GPU, behaves like a co-processor or a DSP chip. It has no OS, no string support, and runs its own memory. Most of the available libraries are built for host instead of device i.e. to initiate calls from CPU into GPU but not the other way around. So, to be interactive, a memory manager, IO, and syncing with CPU are things needed to be had. It's pretty much like creating a Forth from scratch for a new processor as in the old days.
Since GPUs have good compiler support nowadays and I've ported the latest eForth to lambda-based in C++, pretty much all words can be transferred straight forward. However, having FP32 or float32 as my basic data unit, so later I can morph them to FP16, or even fixed-point, there are some small stuffs such as addressing and logic ops that require some attention.

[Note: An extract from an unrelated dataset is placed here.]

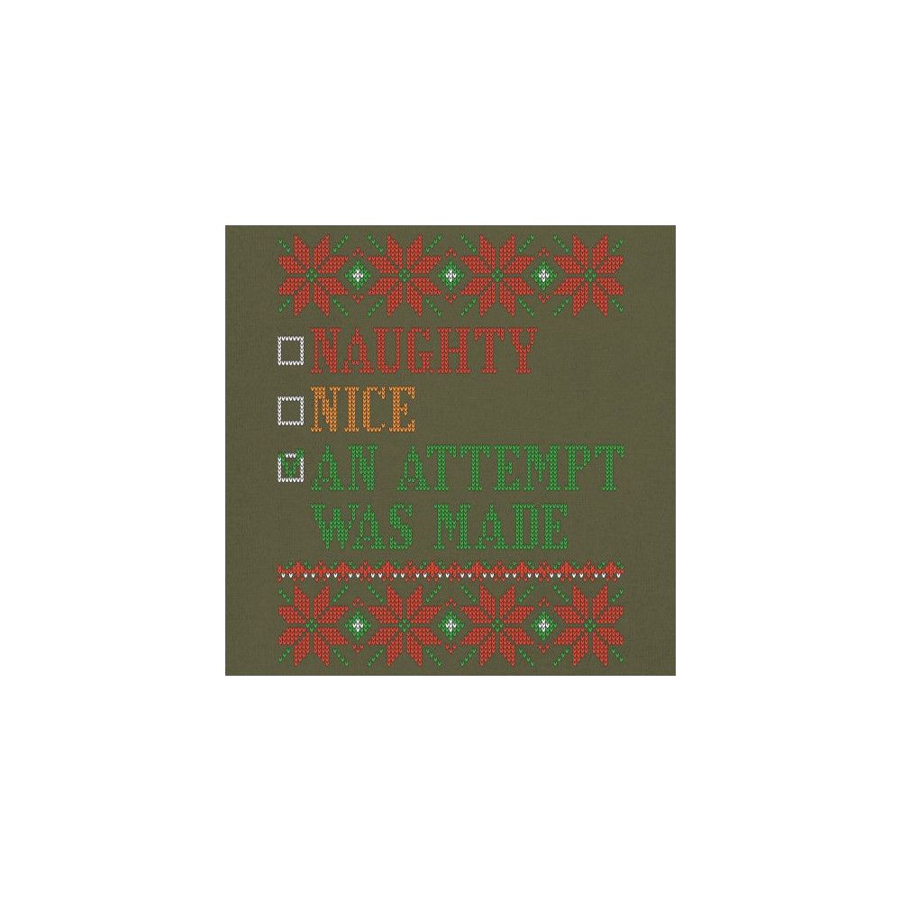 A funny print featuring a check list with options: "Naughty", "Nice" and a checked one "An Attempt Was Made". The print is decorated as an ugly sweater. Amazing choice to make people smile and spread positive vibes on Christmas Eve.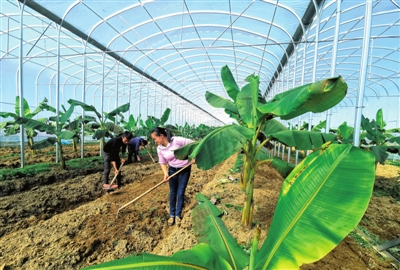 12月8日,崇阳县隽青家庭农场大棚糯蕉基地,农场总经理程艳和村民一起锄地,为套种蔬菜做准备。

The codebase will be in C for my own understanding of the multi-trip data flows. In the future, the class/methods implementation can come back to Forth in the form of loadable blocks so maintainability and extensibility can be utilized as other self-hosting systems. It would be amusing to find someone brave enough to work the NVVM IR or even PTX assembly into a Forth that resides on GPU micro-cores in the fashion of GreenArray, or to forge an FPGA doing similar kind of things.
In the end, languages don't really matter. It's the problem they solve. Having an interactive Forth in GPU does not mean a lot by itself. However by adding vector, matrix, linear algebra support with a breath of APL's massively parallel from GPUs. Neural Network tensor ops with backprop following the path from Numpy to PyTorch, plus the cleanness of Forth, it can be useful one day, hopefully!